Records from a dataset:

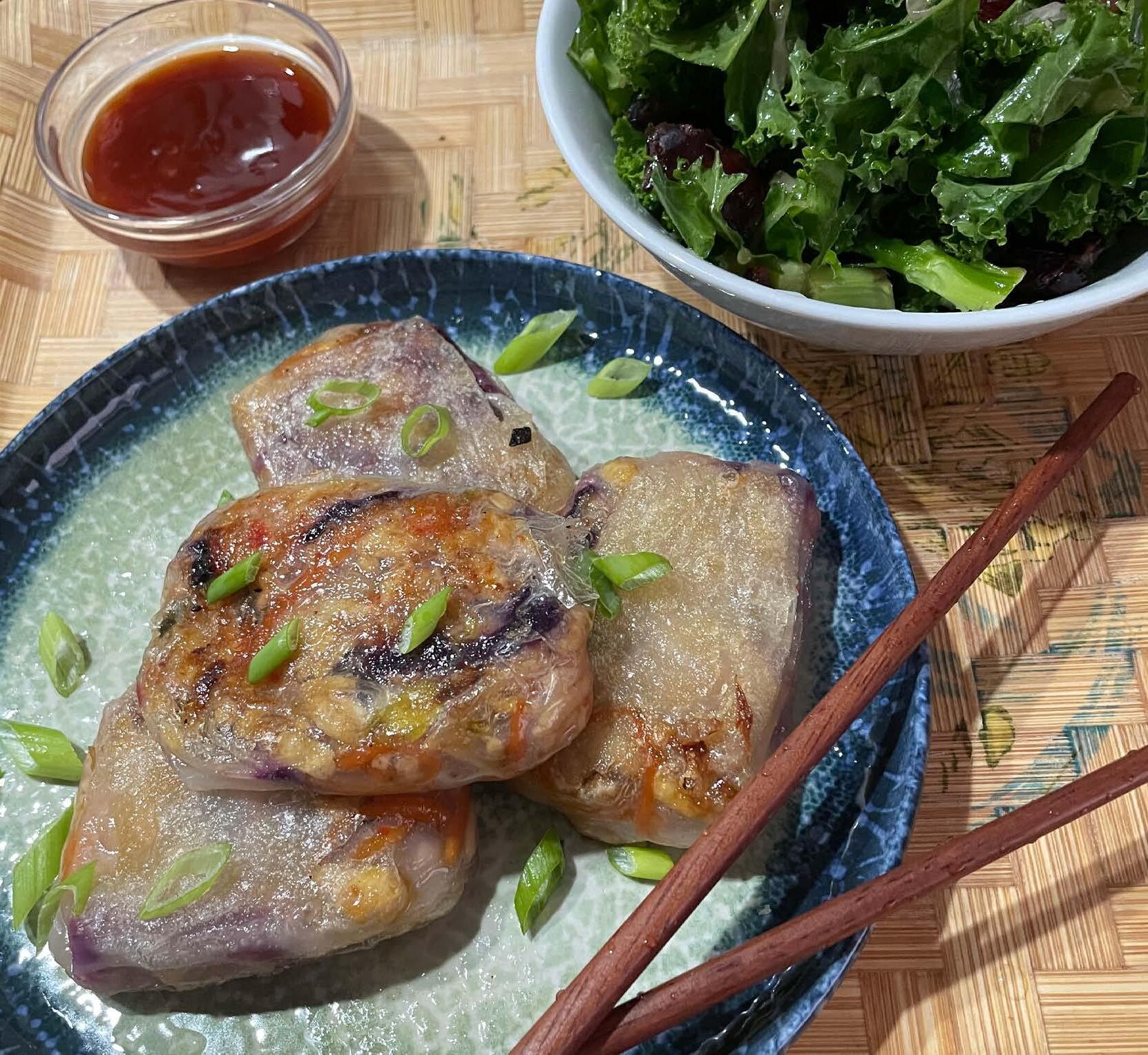 VEGAN RICE PAPER ACKEE DUMPLINGS, SERVED WITH SWEET CHILLI DIPPING SAUCE AND A KALE SALAD
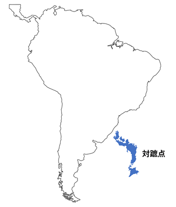 このように地球の裏側になる地点を対蹠点といって、東京の対蹠点はアルゼンチン沖になります。
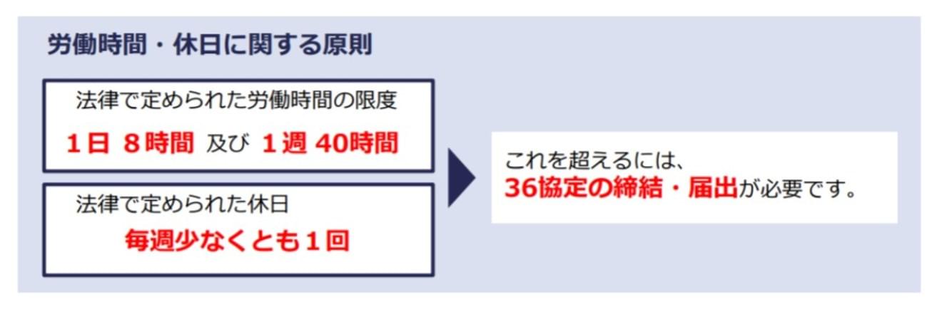会社は、法定労働時間である1日8時間・週40時間を超える時間外労働及び休日勤務などを命じる場合、労使間で「36(サブロク)協定」を締結し、所轄労働基準監督署に届出をしなければなりません。
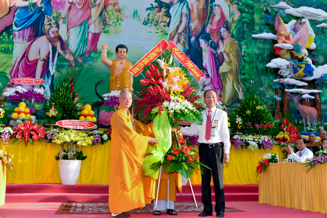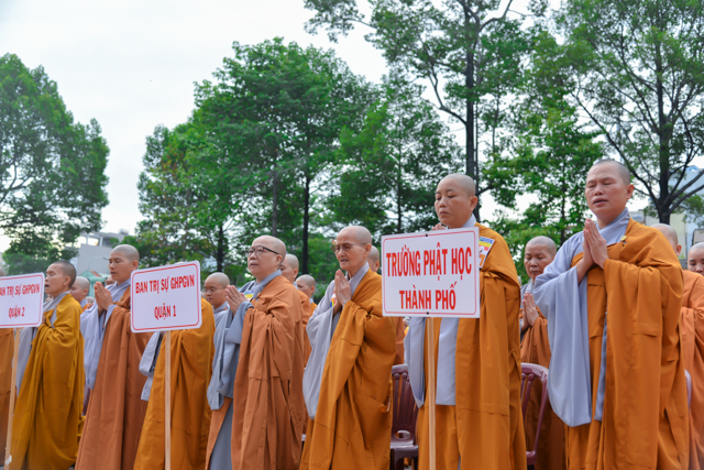 Quang lâm chứng minh, tham dự có sự hiện diện của chư tôn giáo phẩm Thường trực HĐCM, HĐTS GHPGVN, Thường trực BTS GHPGVN TP.HCM, chư tôn đức BTS Phật giáo 24 quận/huyện: HT.Thích Đức Nghiệp – Phó Pháp chủ HĐCM; HT.Thích Trí Quảng – Phó Pháp chủ HĐCM, Trưởng BTS GHPGVN TP, Trưởng ban Tổ chức Đại lễ; HT.Thích Hiển Tu – Phó Thư ký HĐCM HĐTS GHPGVN; HT.Thích Thiện Nhơn – Chủ tịch HĐTS GHPGVN; HT.Thích Thiện Pháp – Phó Chủ tịch Thường trực HĐTS kiêm Trưởng ban Tăng sự T.Ư, HT.Thích Thiện Tánh – Phó Chủ tịch HĐTS, Phó Trưởng ban Thường trực BTS GHPGVN TP; HT.Thích Thiện Tâm – Phó Chủ tịch HĐTS, Phó Ban Trị Sự GHPGVN TP.HCM… cùng đông đảo Phật tử trên toàn thành phố về tham dự.
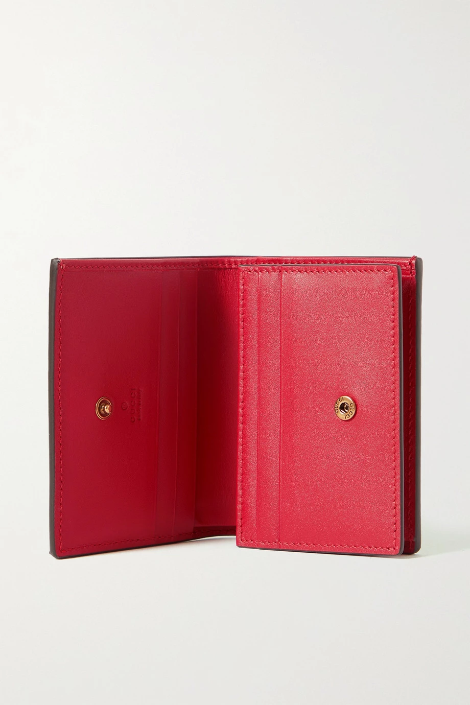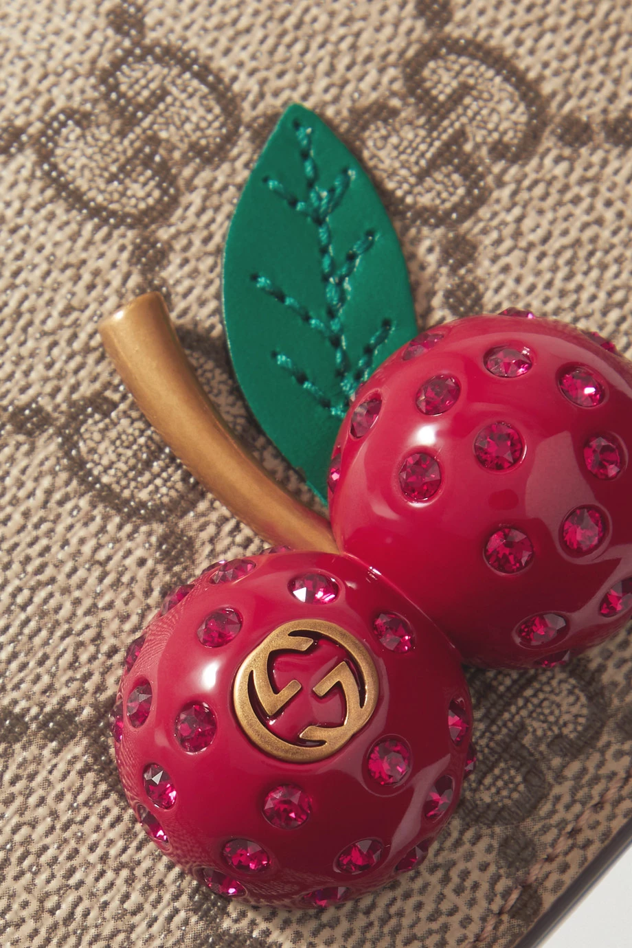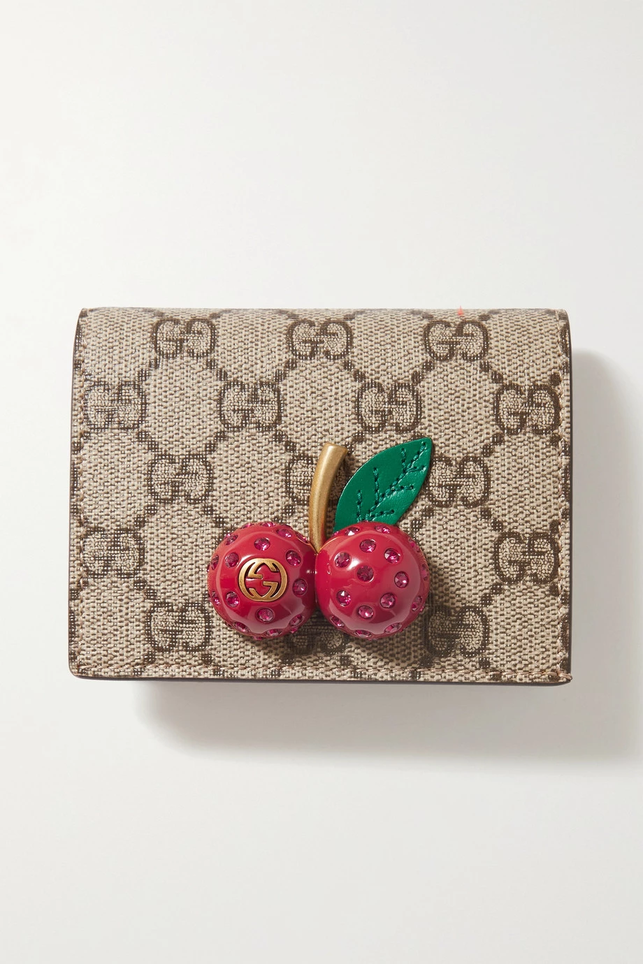Das „Ophidia“ Portemonnaie von Gucci ist mit kristallbesetzten 3D-Kirschen verziert, die für eine verspielte Note sorgen. Das in Italien gefertigte Accessoire besteht aus dem markentypischen beschichteten Canvas mit Logomuster und hat ein leuchtend rotes Inneres, das vier Kartenschlitze sowie ein Reißverschlussfach für Münzen bietet. Dank der kompakten Form passt es in so gut wie jede Tasche.

▶ **EXERCISE**: Each entry is to be transcribed verbatim, and any picture in it is to be skipped.

▶ **ANSWER**:
 VEGAN RICE PAPER ACKEE DUMPLINGS, SERVED WITH SWEET CHILLI DIPPING SAUCE AND A KALE SALAD
 このように地球の裏側になる地点を対蹠点といって、東京の対蹠点はアルゼンチン沖になります。
会社は、法定労働時間である1日8時間・週40時間を超える時間外労働及び休日勤務などを命じる場合、労使間で「36(サブロク)協定」を締結し、所轄労働基準監督署に届出をしなければなりません。
 Quang lâm chứng minh, tham dự có sự hiện diện của chư tôn giáo phẩm Thường trực HĐCM, HĐTS GHPGVN, Thường trực BTS GHPGVN TP.HCM, chư tôn đức BTS Phật giáo 24 quận/huyện: HT.Thích Đức Nghiệp – Phó Pháp chủ HĐCM; HT.Thích Trí Quảng – Phó Pháp chủ HĐCM, Trưởng BTS GHPGVN TP, Trưởng ban Tổ chức Đại lễ; HT.Thích Hiển Tu – Phó Thư ký HĐCM HĐTS GHPGVN; HT.Thích Thiện Nhơn – Chủ tịch HĐTS GHPGVN; HT.Thích Thiện Pháp – Phó Chủ tịch Thường trực HĐTS kiêm Trưởng ban Tăng sự T.Ư, HT.Thích Thiện Tánh – Phó Chủ tịch HĐTS, Phó Trưởng ban Thường trực BTS GHPGVN TP; HT.Thích Thiện Tâm – Phó Chủ tịch HĐTS, Phó Ban Trị Sự GHPGVN TP.HCM… cùng đông đảo Phật tử trên toàn thành phố về tham dự.
Das „Ophidia“ Portemonnaie von Gucci ist mit kristallbesetzten 3D-Kirschen verziert, die für eine verspielte Note sorgen. Das in Italien gefertigte Accessoire besteht aus dem markentypischen beschichteten Canvas mit Logomuster und hat ein leuchtend rotes Inneres, das vier Kartenschlitze sowie ein Reißverschlussfach für Münzen bietet. Dank der kompakten Form passt es in so gut wie jede Tasche.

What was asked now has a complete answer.